● **EXERCISE**: Your job with the data below: print everything from the line that holds "Scandinavian Cherry Wood" down to the line that holds "Nabízíme k pronájmu", ends included, exactly, and nothing else.
GIVEN ENTRIES section start
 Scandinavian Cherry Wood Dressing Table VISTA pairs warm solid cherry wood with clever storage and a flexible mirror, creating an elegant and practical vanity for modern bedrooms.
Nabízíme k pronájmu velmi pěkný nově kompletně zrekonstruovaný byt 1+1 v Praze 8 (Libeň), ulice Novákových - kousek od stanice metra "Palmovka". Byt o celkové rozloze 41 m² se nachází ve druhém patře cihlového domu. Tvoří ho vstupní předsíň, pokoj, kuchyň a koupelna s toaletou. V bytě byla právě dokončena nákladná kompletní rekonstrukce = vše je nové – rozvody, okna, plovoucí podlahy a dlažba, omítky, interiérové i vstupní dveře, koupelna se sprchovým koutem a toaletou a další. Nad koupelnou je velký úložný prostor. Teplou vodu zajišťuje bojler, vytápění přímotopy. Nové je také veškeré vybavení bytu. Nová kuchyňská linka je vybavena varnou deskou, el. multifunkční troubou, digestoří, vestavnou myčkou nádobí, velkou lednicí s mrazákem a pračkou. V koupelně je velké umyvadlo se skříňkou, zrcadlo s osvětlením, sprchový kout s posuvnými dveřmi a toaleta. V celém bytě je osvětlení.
GIVEN ENTRIES section end
GIVEN ENTRIES section start
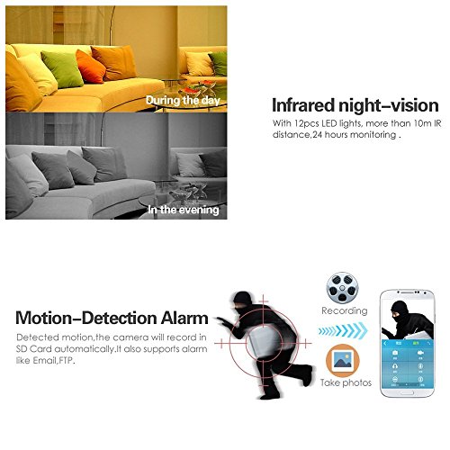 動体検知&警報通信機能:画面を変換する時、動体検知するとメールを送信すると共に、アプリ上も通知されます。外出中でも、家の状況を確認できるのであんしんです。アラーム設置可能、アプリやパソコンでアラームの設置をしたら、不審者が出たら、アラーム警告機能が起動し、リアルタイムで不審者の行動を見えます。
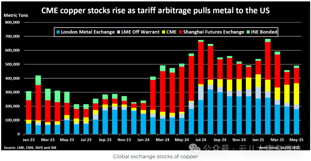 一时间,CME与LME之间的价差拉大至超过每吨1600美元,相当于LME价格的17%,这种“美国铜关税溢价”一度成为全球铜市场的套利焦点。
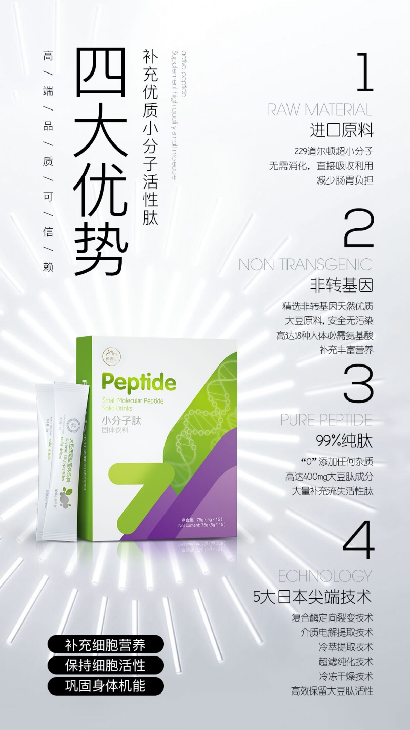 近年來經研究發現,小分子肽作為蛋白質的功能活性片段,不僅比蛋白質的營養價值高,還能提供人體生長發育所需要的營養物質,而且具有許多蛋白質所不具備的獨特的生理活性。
GIVEN ENTRIES section end
● **RESULT FOR THIS EXERCISE**:
 Scandinavian Cherry Wood Dressing Table VISTA pairs warm solid cherry wood with clever storage and a flexible mirror, creating an elegant and practical vanity for modern bedrooms.
Nabízíme k pronájmu velmi pěkný nově kompletně zrekonstruovaný byt 1+1 v Praze 8 (Libeň), ulice Novákových - kousek od stanice metra "Palmovka". Byt o celkové rozloze 41 m² se nachází ve druhém patře cihlového domu. Tvoří ho vstupní předsíň, pokoj, kuchyň a koupelna s toaletou. V bytě byla právě dokončena nákladná kompletní rekonstrukce = vše je nové – rozvody, okna, plovoucí podlahy a dlažba, omítky, interiérové i vstupní dveře, koupelna se sprchovým koutem a toaletou a další. Nad koupelnou je velký úložný prostor. Teplou vodu zajišťuje bojler, vytápění přímotopy. Nové je také veškeré vybavení bytu. Nová kuchyňská linka je vybavena varnou deskou, el. multifunkční troubou, digestoří, vestavnou myčkou nádobí, velkou lednicí s mrazákem a pračkou. V koupelně je velké umyvadlo se skříňkou, zrcadlo s osvětlením, sprchový kout s posuvnými dveřmi a toaleta. V celém bytě je osvětlení.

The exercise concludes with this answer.